For each line below that contains the string "Church", copy that line.

• Provided data:
>>

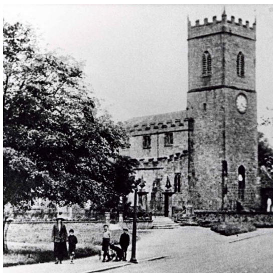
All Saints Parish Church

Life in the later medieval period, from the 11th to the 15th centuries, left more traces in archival material, on the landscape and in a small number of surviving buildings. Woodland was cleared for agriculture, All Saints Parish Church was constructed in stone, and the present village was established around the church.
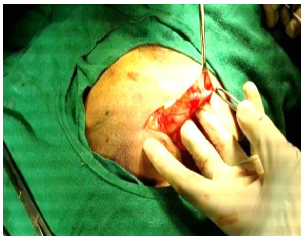
Fig. 1: Identification and opening of hernia sac

<<

• Solved exercise:
All Saints Parish Church
Life in the later medieval period, from the 11th to the 15th centuries, left more traces in archival material, on the landscape and in a small number of surviving buildings. Woodland was cleared for agriculture, All Saints Parish Church was constructed in stone, and the present village was established around the church.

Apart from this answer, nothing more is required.